Dead Brands & Why We Love Them

Dead Brands & Why We Love Them

By Jim Campisano

Last week’s blog about the death of Pontiac was (and remains) wildly popular. The decision to kill the Wide-Track brand still rubs some people the wrong way. So I got to thinking: what about some of America’s other dead brands? Could any of them make a comeback in the 21st century? Why do we still love them so?

Plymouth: This is a division near and dear to my heart. My first car was a ’71 B5 blue Barracuda convertible. From the first Superbird I saw in 1970 to the gunmetal grey 340 ‘Cuda that was around the corner from my house as an adolescent, I knew these monsters could run with the best. One of my buddies had a ’70 440 6-bbl Super Track Pack GTX with the air grabber hood. With 4.10 gears and a 4-speed, we feared nothing. His brother had a 383 Sport Satellite and another guy we knew had a red ’67 GTX with a 440.
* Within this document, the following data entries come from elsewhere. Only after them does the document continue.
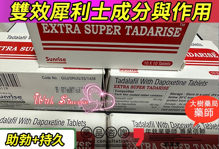 雙效犀利士屬於處方等級複方藥物,含有治療勃起功能障礙與早洩的活性成分。使用前應由醫師或藥師依據您的年齡、健康狀況(如高血壓、心臟病等)給予正確建議,避免自行服用不適劑量。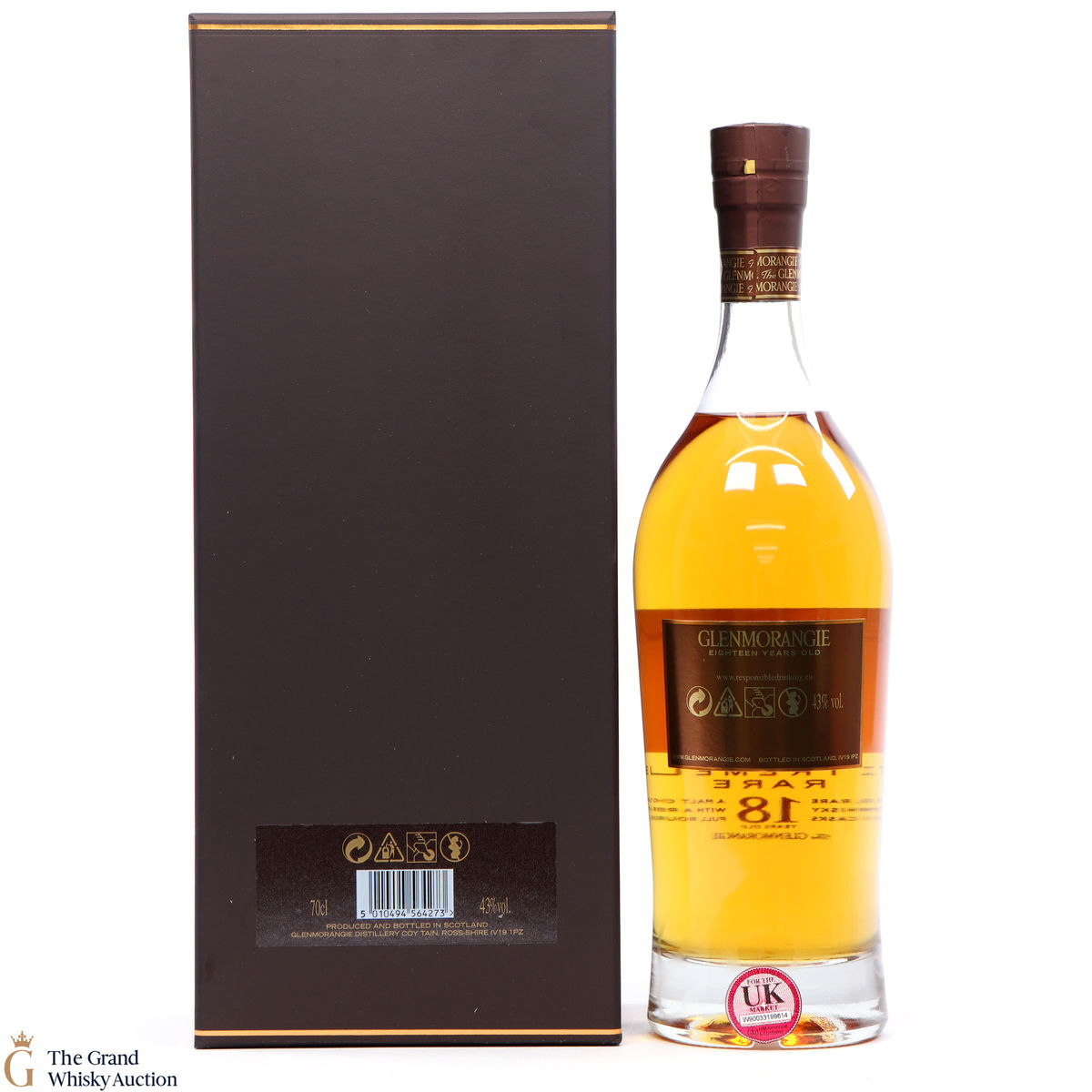 This bottle is an 18 year old Extremely Rare, Highland single malt produced by Glenmorangie. It has been perfected by the sixteen men of Tain who have specially aged this bottle for 18 years in superior oak casks and a period in Oloroso Sherry casks.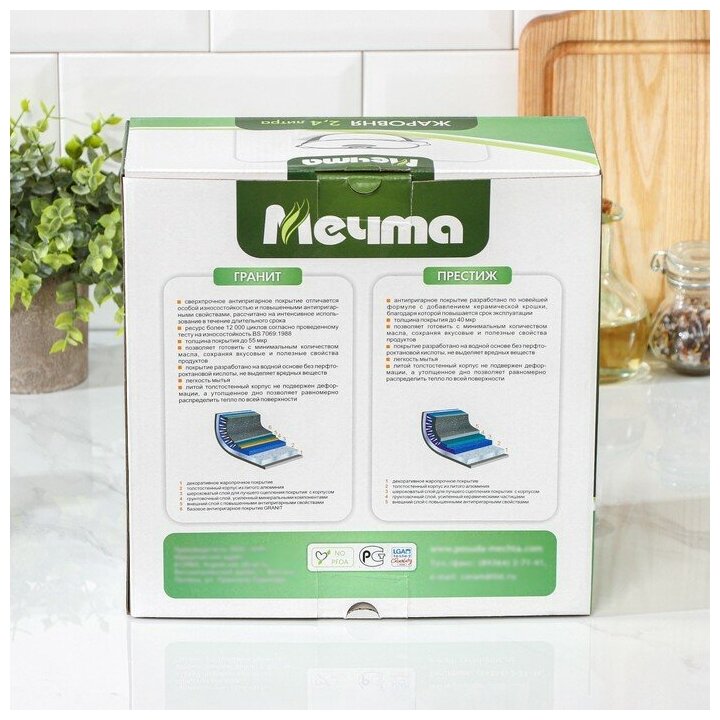 | Отзыв: | Обычно на гранитной посуде с антипригарным покрытием ничего не прогорает. Поэтому предпочитаем покупать посуду этой линии. Купили жаровню на 2,4 л. Толщина дна 6 мм. Крышка 24, дно - 18. Ручка крышки нержавейка. При готовке немного нагревается. Производство г. Кукмор, Татарстан. Раньше пользовались "Kukmara". Формы, цвет и качество практически не отличаются. В общем я так поняла, что "Мечта" и "Kukmara" родные сестры (если кто знает и пользуется "Kukmara"). |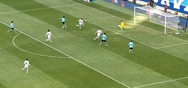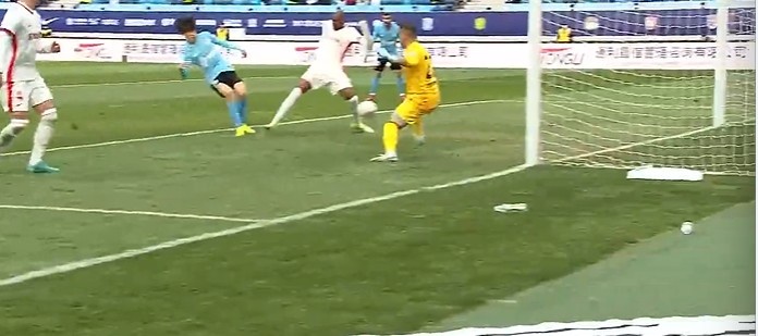 第42分鐘,拉布亞德右路精準(zhǔn)斜傳到禁區(qū)馬萊萊推射沒有打上被吳亞珂解圍,第二點(diǎn)廖錦濤抽射打高了。↓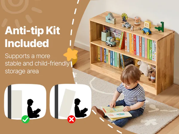Bezpieczna konstrukcja: Solidna i niezawodna. Szafka na zabawki jest wyposażona w zabezpieczenie przed przewróceniem, które zapobiega przewróceniu się podczas użytkowania i zapewnia rodzicom dodatkowe bezpieczeństwo.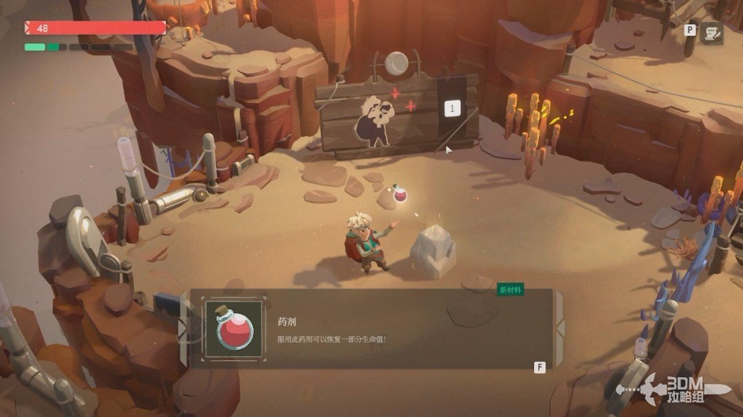 整理好背包,我们往前走能拿到药剂,按数字1可以恢复生命值,前期吃一次可以恢复20血。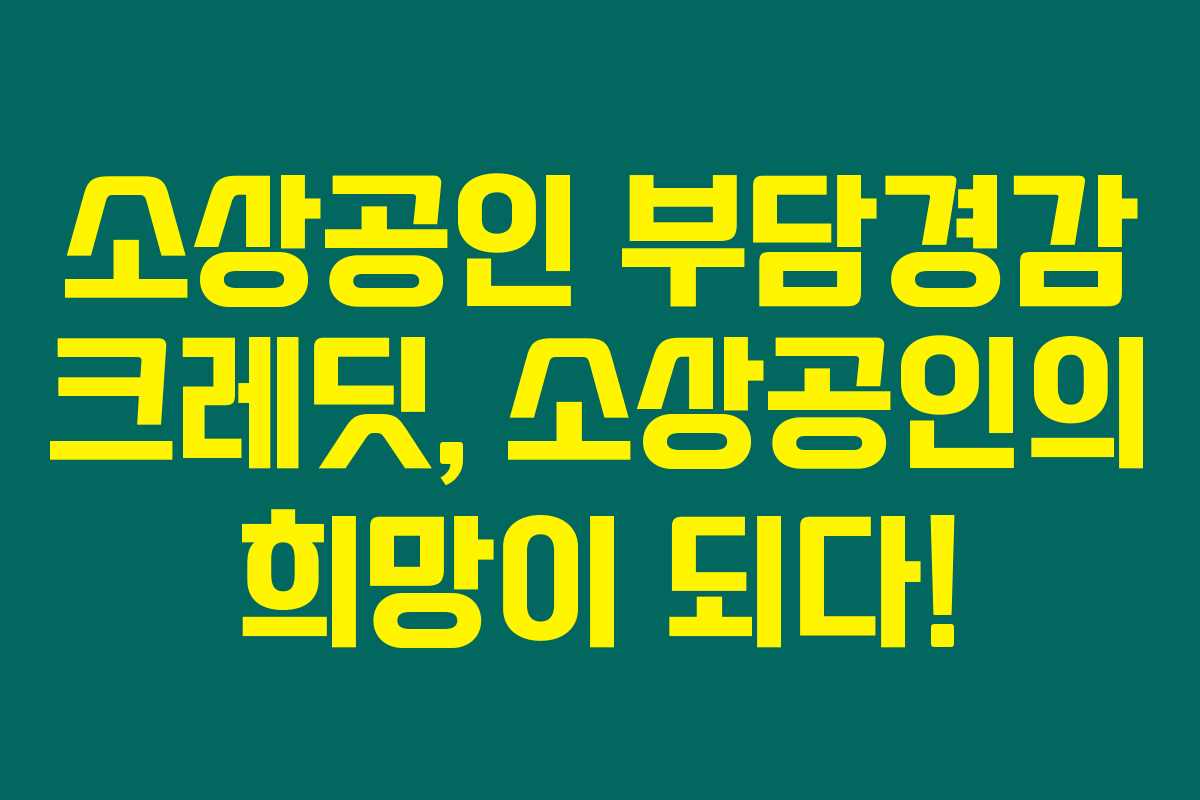 소상공인 부담경감 크레딧 신청은 쉽고, 유용한 지원을 받을 수 있는 기회입니다. 경영 부담으로 힘든 소상공인분들은 지금 바로 공식 시스템에 접속해 신청해 보시길 바랍니다!

How could things go so wrong so fast? Brand-engineered junk piles in the late-‘70s, ’80s and ’90s destroyed a reputation built on indestructible family cars like the Valiant, Belvidere and Fury. The market changed, too. Cheap Asians econoboxes ate up the sizeable market share in the low-priced segment, while the bigger stuff was indistinguishable from what could be purchased from a Dodge dealer. I’ve read forum and Facebook posts exhorting Fiat Chrysler to bring back the Barracuda as a new high-performance ponycar, but really, what would be the point? As much as I love them, they never, ever sold well.

American Motors: This has less hope of a revival than Plymouth. What was great about AMC lives on as the Jeep brand today. AMC had some wonderful years, but was never able to sustain them and was always financially behind the 8-ball. Who wouldn’t kill for a two-seat AMX today? The Javelin, Hurst SC/Rambler and Rebel Machine were cool as well, and the all-wheel-drive passenger cars set the tone for most of what middle America is driving today. To the status-conscious general public, AMC was synonymous with tragically un-hip.

Mercury: This was a brand that needed to be euthanized and it probably should have happened 10 years sooner. Even the people working at the Blue Oval derided it as a Ford with a piece of chrome on it. Wasn’t always the case. Time was Mercurys had their own engines, unique styling, and distinctive personalities: There was the ’69 Marauder with the flat-black decklid and the ’70-71 Cyclone GT with that trident grille and hideaway headlights. The ’67 Cougar, though based on the Mustang, was marketed in a completely different way and had an upscale look and feel that made it the division’s most successful new car ever. Their big cars were baby Lincolns, perfect for the person who could afford more than a Ford, but couldn’t (or wouldn’t) step up to that top-tier brand.

Then it all fell apart. Ford stopped investing in the brand and its high-end accouterments eventually became standard on virtually every economy car. Until the end they were smooth, comfy cruisers but fake convertible tops and wire wheel covers slaughtered whatever was left of its reputation. You know your brand is in trouble when your customers think Buicks are for young whipper-snappers.

Can you imagine trying to sell the sporty front-drive Cougar in the same showroom as a Grand Marquis. I can just picture the salesman approaching a 20-something: “That Cougar’s nice, but this here Grand Marquis Brougham with velour, the carriage roof and whitewalls is much larger! And for only a few dollars more a month … ” Er, no thanks.

There was no Pontiac-style outrage when Ford killed its winged messenger division.

Oldsmobile: How do you go from selling over a million units a year to out of business less than 20 years later? You have to really work at it. GM’s “technology division,” the one that gave us the Rocket V-8, the front-drive Toronado, turbocharging and the 4-4-2 morphed into the Silhouette minivan, the Calais, Alero, Achieva, etc. I remember how proud I was cruising top-down in my red 88 convertible in the ’80s. It was an over-the-top statement of cool, even with me at the helm. This is a feeling I’m certain no one ever felt driving a Firenza. The ’95-up Aurora was too little too late.

Any brands you’d like to see brought back from the dead?